The details provided about the everyday life on a family farm back in the sixties and seventies are so valuable today, since those decades were really nearly the end of family farms as we knew them. Your anecdotes about chickens and how they progress so rapidly from those adorable and animate little yellow puff balls to pullets and chickens who produce not just eggs, but all that mess in the coop, which has to be cleaned periodically, and the stink and ammonia-like fumes that go right to your lungs as you scrape off the roosts, gagging, coughing and quietly cursing. I remembered it all, reading your memories, right up to the killing, plucking, cleaning and eating, when, as you said, no matter how many of those nasty fowl made up a big family meal, it was never 'chickens' we ate, but simply 'chicken.' Personally, after having such an intimate acquaintance with those filthy fowl, I remained for years a bit squeamish about eating them, preferring Mom's biscuits and gravy to the actual meat itself. Now I like chicken, but I'm fifty years removed the chicken coop cleaning by now.
I found it especially meaningful how you managed to make pulling weeds into an uplifting experience, albeit years later, equating the cockleburs with the constellations and connecting it all to celestial bodies and studying the skies. Sounds unlikely, I know, but it works wonderfully. Almost made me want to learn more about the stars, to go along with all those myths and legends I studied in college and beyond - and all those weeds I once hoed so resentfully in our acres of cucumbers, or, as my brothers and I called it all, the "pickle patch."
And the sibling tensions expressed in "Stuck" are pitch perfect, as are the small adventures and joys of same described in "Night Grove" and "How Joel and I Almost Became Mountain Men." All of which made me chuckle in rueful recognition.
I think, however, what will remain with me the longest from this collection is the way you remember your parents, particularly your father, who you knew for such a cruelly short time.
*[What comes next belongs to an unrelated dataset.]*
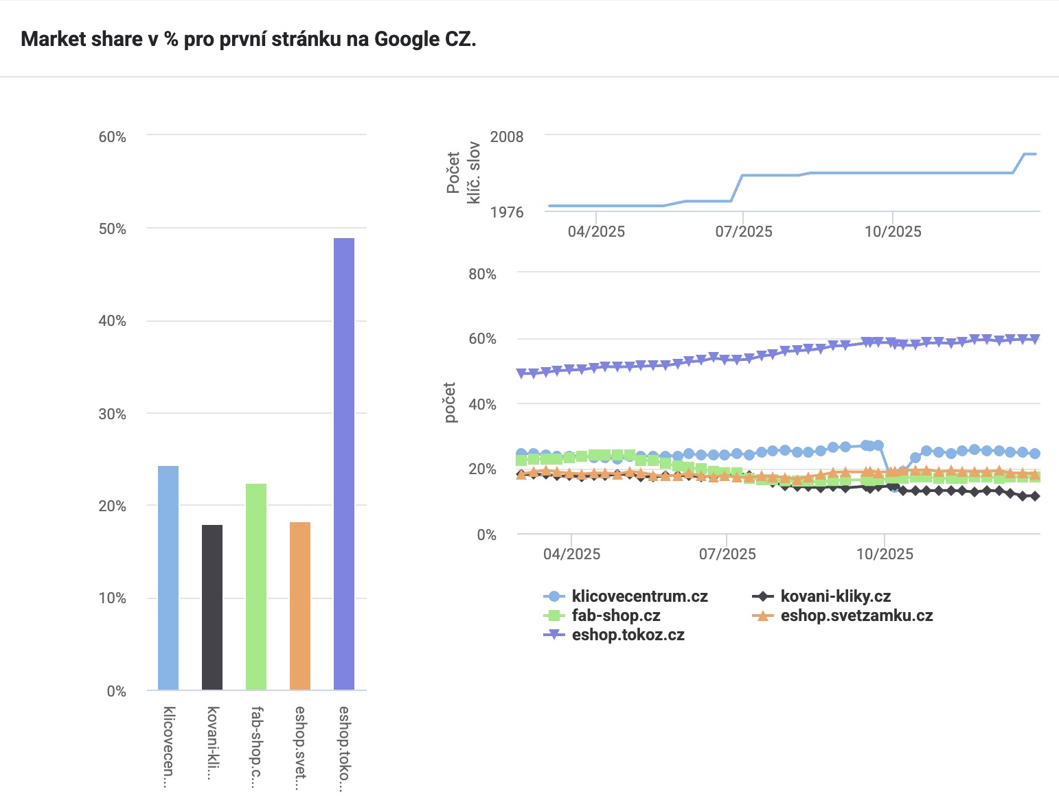 58% podíl klíčových slov na 1. straně vyhledávačů ve srovnání s největší konkurencí

He lives on in the values he instilled in you, and he gave you the strength to keep things going on the farm for a short time and then to make a good life for yourself. And if you are anything like me, I'll bet you still 'talk' with your dad nearly every day. Fathers. Even when they seem distant or remote, they matter - are so important. This book is such a wonderful tribute to your dad, and also to your mother.
Although I say I can relate to much of what you've written in The Witness of Combines, my own childhood farming experiences were on a much smaller scale, helping out on my grandfather's 'hobby farm' located adjacent to our home, part of which was even inside the city limits of our small town. But I still remember those damn chickens, and all those sweltering days spent planting, hoeing, weeding and then repeatedly picking all those damn pickles. And I also remember the satisfaction I felt after long days of haying with my brothers and Grandpa, and how we'd all pile into the car after dark and head out to a nearby lake to swim and wash away the sweat, dirt and chaff. It's all of a piece now, those memories - the misery and the joys. But like you, the advice and counsel and example of my dad and grandfather have stuck with me. Work first; then you can play.
God, I loved this book! I savored it. I found myself, marking my place with a finger, closing it and stroking the glossy cover with my thumb and fingers, trying perhaps to 'feel' more physically the things I was reading - and remembering. I didn't want it to end.
But all good books do end. I hope I will find time to return to this one on occasion. In the meantime I will shelve it with some other similar books which I treasure. Here's a short list of a few of them -

Eighty Acres: Elegy for a Family Farm, by Ronald Jager
Pulling Down the Barn, by Anne-Marie Oomen
From the Land and Back, by Curtis Stadtfeld
The Last Farmer, by Howard Kohn.

These are all farm memoirs from Michigan, and to these I'll boldly add my own, Reed City Boy, although I fear it doesn't really compare. Then there are these other country classics -

We Have All Gone Away, by Curtis Harnack (Iowa)
The Portable Prairie, by M.J. Andersen (South Dakota)
The Horizontal World, by Debra Marquart (North Dakota)
How It Looks Going Back, by Doris Knowles Pulis (Montana)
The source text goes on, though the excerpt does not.